"I agree. Call and make an appointment. I'll find some good photos of Boyd."
"Okay. Thanks, Octavia."
I ended the call and hope fluttered in my chest. If the test was negative, I could try to repair things with Dylan. And if the test was positive…
I'd cross that bridge when I came to it.
November 11, Tuesday
warehouse proofthe proof level of bourbon as it comes out of the barrel
THE LABoccupied the same sterile building where I'd accompanied Tom Feldon weeks ago, though walking through the entrance alone felt entirely different, armed with a thumb drive of a dozen photographs of Boyd Biggs that Octavia had managed to find.
The receptionist checked me in with professional efficiency, and within minutes I found myself in a small examination room with a lab technician named Miranda. She was younger than I'd expected, maybe early thirties, with her hair pulled back in a practical ponytail and kind eyes behind wire-rimmed glasses.
"So we'll be doing facial mapping today," Miranda said, setting up a specialized camera on a tripod. "The process is straightforward. I'll photograph your face from multiple angles—front, both profiles, various tilts. The camera captures measurements down to fractions of a millimeter."
I nodded, my throat too tight to speak.
"Have a seat here." She gestured to a stool positioned in front of a white backdrop. "Try to keep your expression neutral—no smiling or frowning. We want your face in its natural resting state."
I perched on the stool, hyperaware of every muscle in my face.
Miranda adjusted the camera height, then held out her hand. "And you brought the comparison photographs?"
I handed over the thumb drive with trembling fingers. She inserted the drive and pulled up the images of Boyd Biggs ranging from a high school senior portrait to more recentphotographs. I had studied the photos ad nauseum, fascinated by how his face had aged over the years. He was still a handsome man.
Miranda studied the first photograph, her expression pleasant and professional. Then something shifted. Her eyes widened slightly.
"Wait, is this Boyd—" She stopped mid-sentence, her gaze flicking from the photo to my face and back again. Her mouth opened, then closed. "Never mind."
My stomach dropped. She recognized him. Of course she recognized him. Boyd Biggs was all over the media in central Kentucky.

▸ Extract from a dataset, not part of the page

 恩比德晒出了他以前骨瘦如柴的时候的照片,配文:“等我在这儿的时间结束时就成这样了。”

Miranda set the photographs aside, her cheeks flushed. "I apologize. That was unprofessional." She busied herself with camera adjustments, not meeting my eyes. "I need to remind you that everything we do here is completely confidential. All DNA analysis, facial recognition, paternity testing—it's all protected under medical privacy laws. Nothing leaves this lab without your explicit written consent."
The reassurance should have been comforting, but my heart hammered against my ribs. She knew. She'd put two and two together in an instant. A nobody tour guide submitting Boyd Biggs's photographs for facial recognition testing—the implication was obvious.

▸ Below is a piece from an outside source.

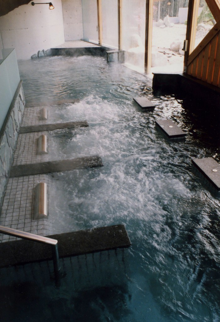 鹿児島県志布志市有明町に1995年に温浴施設として完成。地元杉材の製材を使った木造建築として設計。緩やかな勾配の土地という条件をスロープと階段を上手く配置することで子供から高齢者に優しい計画とした。平成7年に通商産業省選定のグッドデザイン賞受賞しました。

I wanted to believe her. Needed to believe her. But paranoia gnawed at my composure. What if she mentioned it to a coworker over coffee? What if she told a friend about the interesting case that came through the lab? What if word somehow filtered back to the Biggs family before I had answers?
I'd already handed over the photographs. Already committed to this course of action. There was no turning back now.
"Let's get started." Miranda returned to the camera, her professional mask firmly in place. "Look straight at the lens. Keep your face relaxed."
I stared into the camera's dark eye while it clicked and whirred, capturing my bone structure, my genetic inheritance, the features that might or might not match Boyd Biggs's DNA. Each photograph felt like evidence being collected at a crime scene.
"Turn your head slowly to the right. Good. Now the left."
Miranda worked methodically, adjusting angles and lighting, taking dozens of shots. The whole process took maybe twenty minutes, but it felt like hours. Sweat dampened my palms despite the room's clinical coolness.
"All finished." Miranda powered down the camera. "The analysis takes a few days. We'll call you when the results are ready."
Days to wait and wonder and worry about whether I'd just made a catastrophic mistake trusting this lab tech with information that could implode multiple lives.
I stood on shaky legs. "Thank you."
"Of course." Miranda's smile was kind but careful, maintaining that professional distance. "We'll be in touch soon."
I left the lab and sat in my van for several long minutes, gripping the steering wheel and staring at nothing. The photographs of Boyd Biggs remained in that building, being fed into algorithms that would compare his features to mine. The secret I'd been guarding so carefully was now in the hands of strangers.